Data section ::
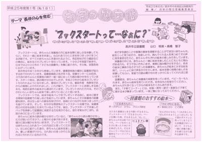 応援し、交流の橋渡しをしてきたお茶の間交信。 平成25年度第1号のNo.181を発行しました。 特集は「ブックスタートって…なぁに?」です。絵本を通して子どもと 保護者の心のふれあいを促すブックスタートについて、長井市立図書館 の方に原稿を寄せていただいています。 「子育てのワンポイントアドバイス」では、本年度長井市で取り組んで いる“幼児特別保育支援サポート事業”を紹介しています。 ぜひご覧ください。 お茶の間交信は保育の専門家を中心とした編集委員と、子育て中の読者 の皆さんで作りあげる情報紙です。ご感想、ご意見をどんどんお寄せ下 さい。メールでも結構です。 お茶の間交信No.181(PDF) 今年度から長井市内の保育施設に「お茶の間交信ポスト」を設置しました。 お茶の間交信がより近い存在になれたらと思っています。皆さんの声を お気軽にお寄せください。 ▽お茶の間交信ポスト ![]() |
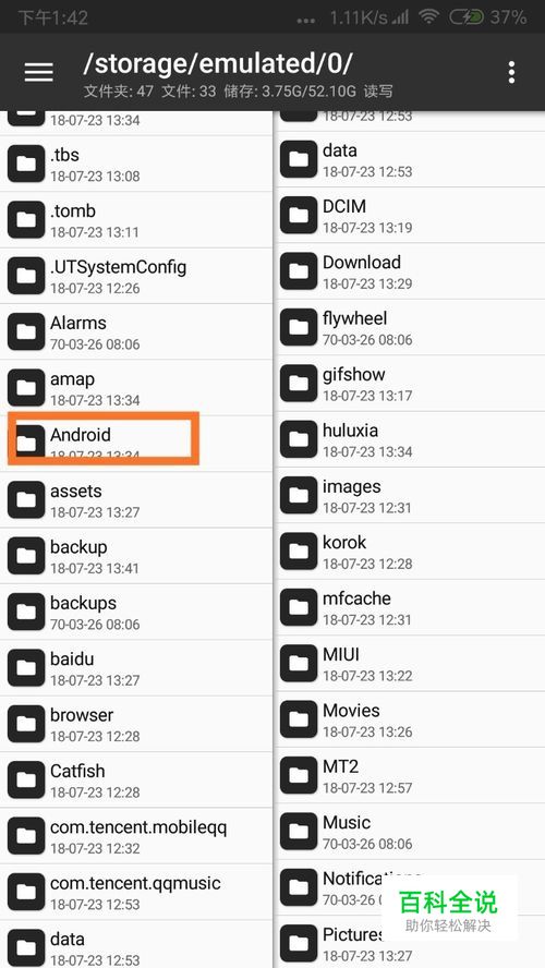 在打开文件管理找到文件夹Android
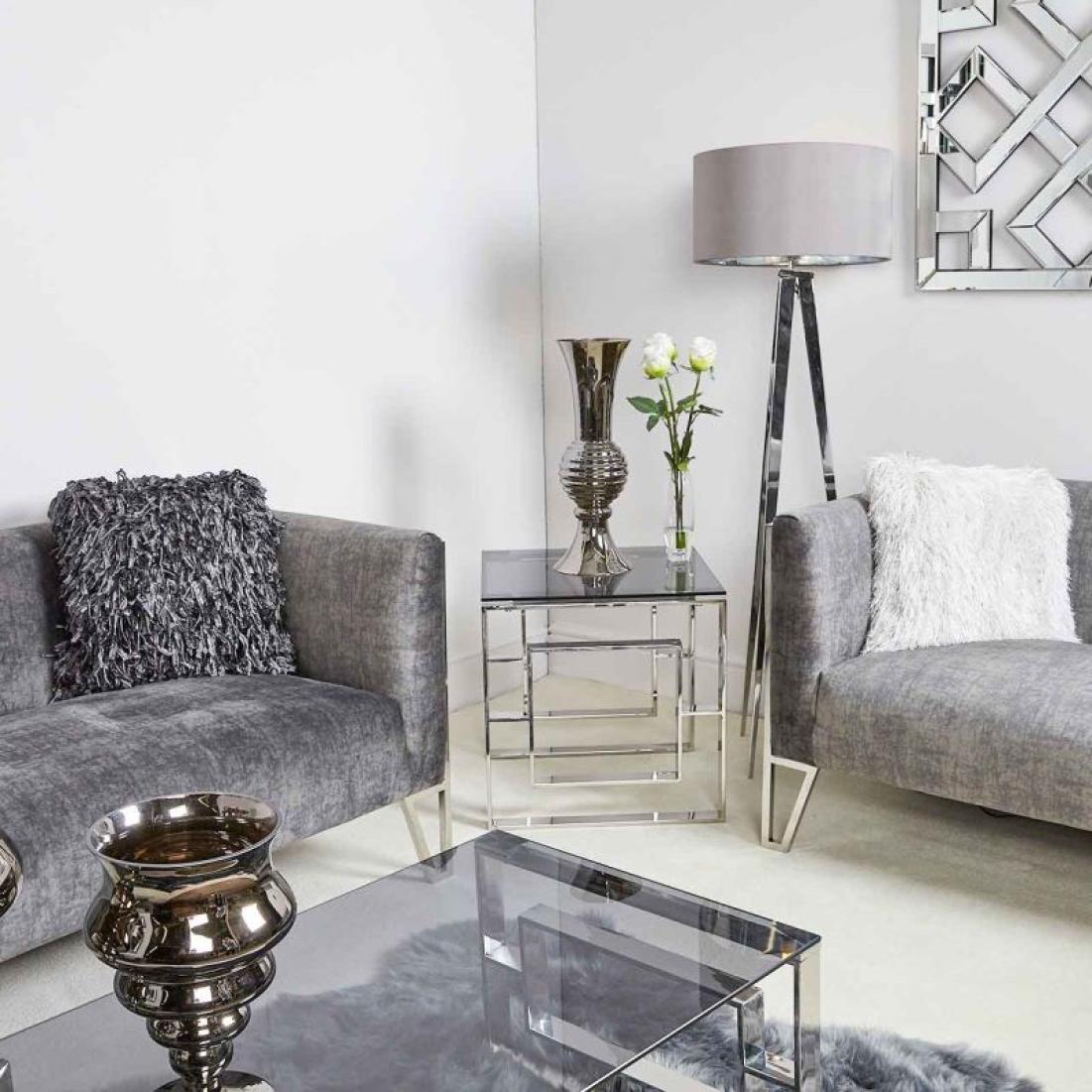 The simply stunning Apex end table will wonderfully complement classic and modern furniture, with its understated and stylish steel gold effect or steel chrome effect. The glass table features a sleek glass tabletop or tempered smoked glass table top, providing perfect entertainment space and also a fantastic option for any style of living room. Also perfect as end/sofa/bedside/display/occasional table.
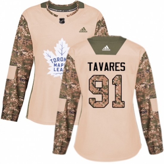 Women's Adidas Toronto Maple Leafs #91 John Tavares Authentic Camo Veterans Day Practice NHL Jersey
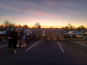 Runners waiting in line for porta-potties with the sun rising in the distance.
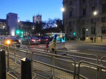 Next, a happy musical memory. You can’t hear it, but I will whenever I look at this photo, of a tricycle-taxi hurtling towards Parliament Square:
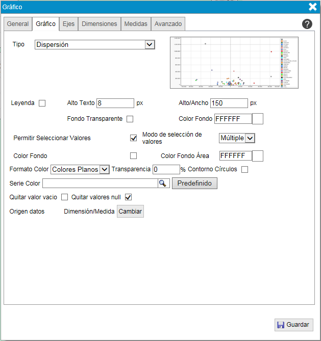 - "Leyenda". Indica si se muestra o no la leyenda junto al gráfico de dispersión.
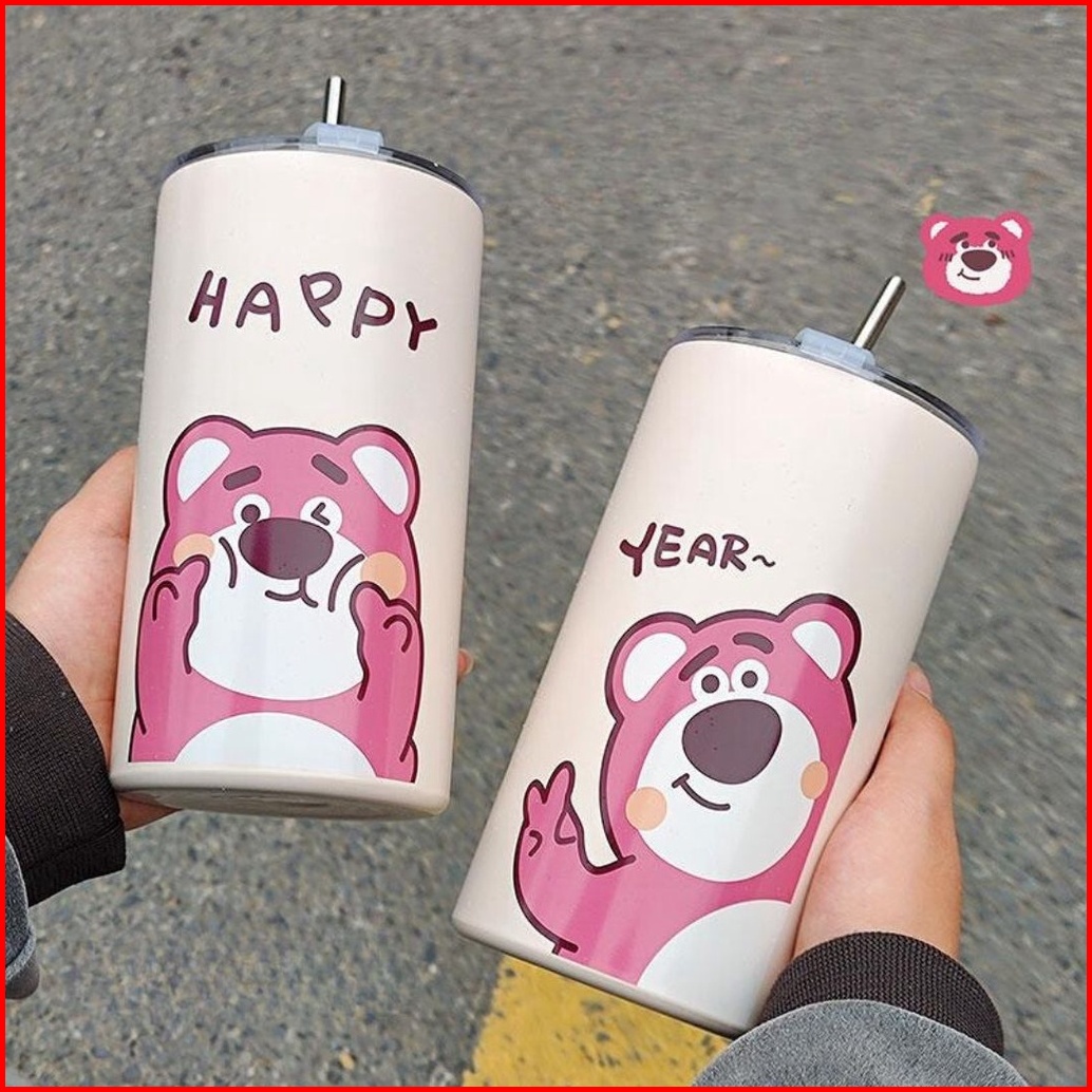Either.id - Termos Tumbler Minum Lotso Botol Minum Aesthetic 600ml Dengan Sedotan
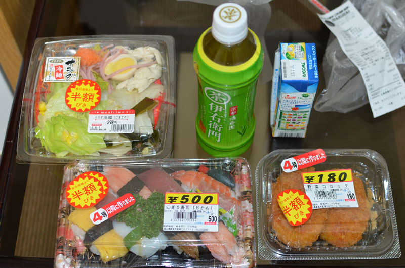 結局、ホテル横のスーパーにて半額シールが貼られた惣菜の売れ残りをゲットしてきた。これだけ買って飲み物2本まで付けて685円という破格さ!
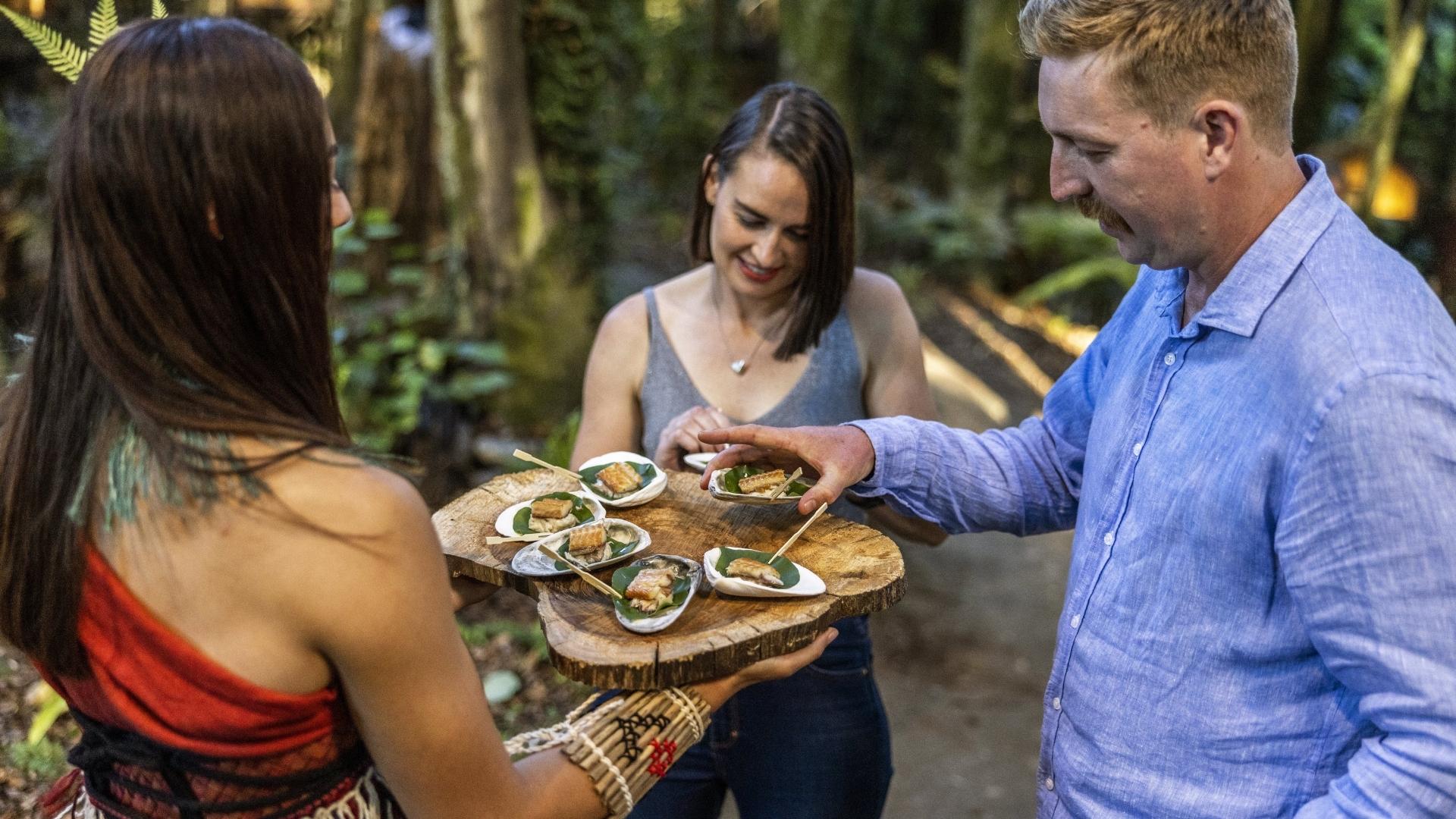 For Māori, kai is integral to any special gathering, so you’ll experience the mystical Ahi Taitai (fire ceremony) before stepping in to the tawa forest canopy for seasonal kai horotai (canapés) and a lantern-lit walk to a lavish three-course family-share hākari (feast).

Instructions to follow :: Letter for letter, reproduce every record above and skip the pictures.

Solution to the exercise ::
 応援し、交流の橋渡しをしてきたお茶の間交信。 平成25年度第1号のNo.181を発行しました。 特集は「ブックスタートって…なぁに?」です。絵本を通して子どもと 保護者の心のふれあいを促すブックスタートについて、長井市立図書館 の方に原稿を寄せていただいています。 「子育てのワンポイントアドバイス」では、本年度長井市で取り組んで いる“幼児特別保育支援サポート事業”を紹介しています。 ぜひご覧ください。 お茶の間交信は保育の専門家を中心とした編集委員と、子育て中の読者 の皆さんで作りあげる情報紙です。ご感想、ご意見をどんどんお寄せ下 さい。メールでも結構です。 お茶の間交信No.181(PDF) 今年度から長井市内の保育施設に「お茶の間交信ポスト」を設置しました。 お茶の間交信がより近い存在になれたらと思っています。皆さんの声を お気軽にお寄せください。 ▽お茶の間交信ポスト ![]() |
 在打开文件管理找到文件夹Android
 The simply stunning Apex end table will wonderfully complement classic and modern furniture, with its understated and stylish steel gold effect or steel chrome effect. The glass table features a sleek glass tabletop or tempered smoked glass table top, providing perfect entertainment space and also a fantastic option for any style of living room. Also perfect as end/sofa/bedside/display/occasional table.
 Women's Adidas Toronto Maple Leafs #91 John Tavares Authentic Camo Veterans Day Practice NHL Jersey
 Runners waiting in line for porta-potties with the sun rising in the distance.
 Next, a happy musical memory. You can’t hear it, but I will whenever I look at this photo, of a tricycle-taxi hurtling towards Parliament Square:
 - "Leyenda". Indica si se muestra o no la leyenda junto al gráfico de dispersión.
Either.id - Termos Tumbler Minum Lotso Botol Minum Aesthetic 600ml Dengan Sedotan
 結局、ホテル横のスーパーにて半額シールが貼られた惣菜の売れ残りをゲットしてきた。これだけ買って飲み物2本まで付けて685円という破格さ!
 For Māori, kai is integral to any special gathering, so you’ll experience the mystical Ahi Taitai (fire ceremony) before stepping in to the tawa forest canopy for seasonal kai horotai (canapés) and a lantern-lit walk to a lavish three-course family-share hākari (feast).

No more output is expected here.